And after spending zillions of hours curled up on my couch, reading and writing about Michele Bachmann and others like her, I can tell you with a whole lot of confidence–the Times is right to be skeptical about Shelly’s decision to walk away from the House in 2014. She might be leaving the floor, but her ideas aren’t going anywhere. And neither is the GOP.

Why?

For starters, Bachmann and her fellow Tea Partiers did not magically sprout up out of nowhere. Nope. In fact, the Tea Party, with all its anti-tax rhetoric mixed with weirdly racist, sexist, and homophobic slurs, is just the latest articulation of conservative ideologies that have been brewing since the New Deal.

aynrand

You can personally thank this lady for at least half of the Tea Party’s silliness.

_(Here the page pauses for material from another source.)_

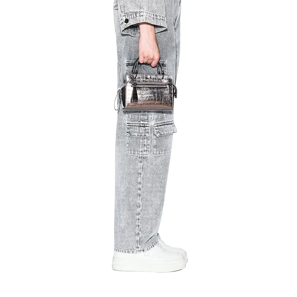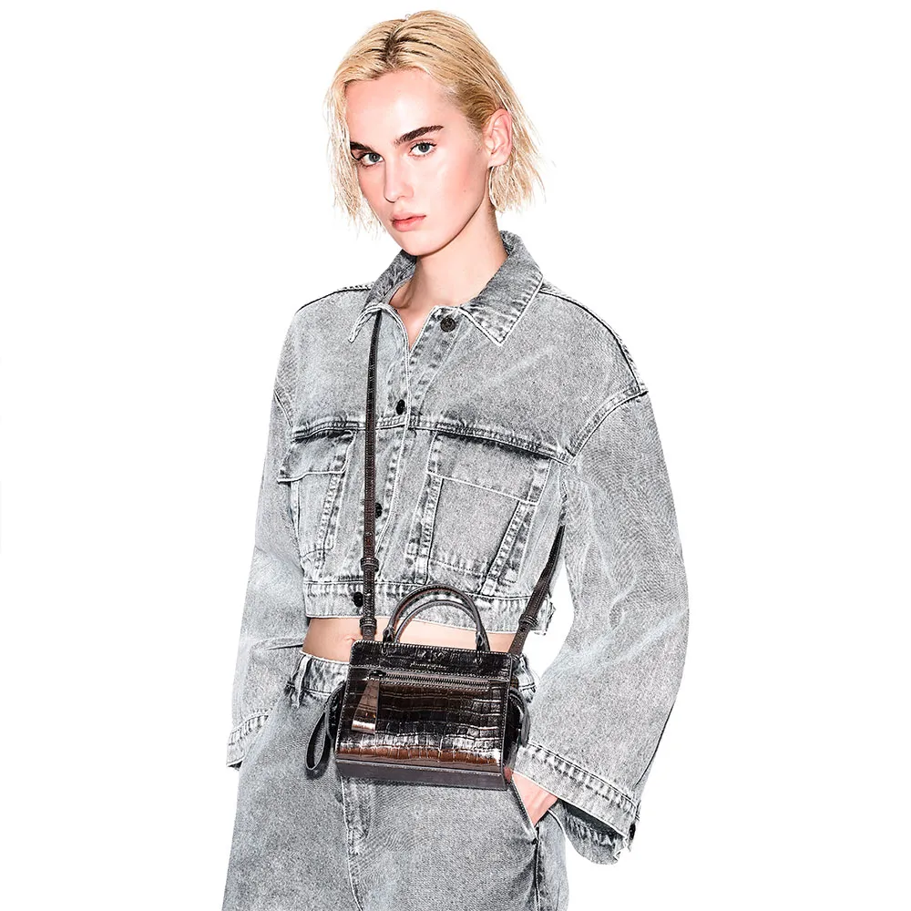 Мини-сумка, полностью изготовленная из прочной, исключительно мягкой искусственной кожи с эффектом козьей шкуры.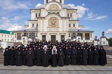 От лица насельниц и паломников Серафимо-Дивеевского монастыря Святейшего Владыку также приветствовала игумения Сергия (Конкова). Настоятельница обители преподнесла Его Святейшеству икону Благовещения Пресвятой Богородицы, просфору и монашеские четки.

Writing during that New Deal era, you could say that Ayn Rand was one of the original Tea Party women, with her ridiculously orthodox obsession with capitalism, her witchhunter-like fear of anyone who didn’t take her word as bond, and her narcissistic lack of empathy for anyone she deemed to be beneath her. Rand hated the New Deal, FDR, and anything that stank of social justice, and made that crystal fucking clear in her diatribe-like books, The Fountainhead and Atlas Shrugged. Unsurprisingly, nowadays those two books are practically required reading for Tea Partiers.

I wonder how many of them just watched the movie, instead?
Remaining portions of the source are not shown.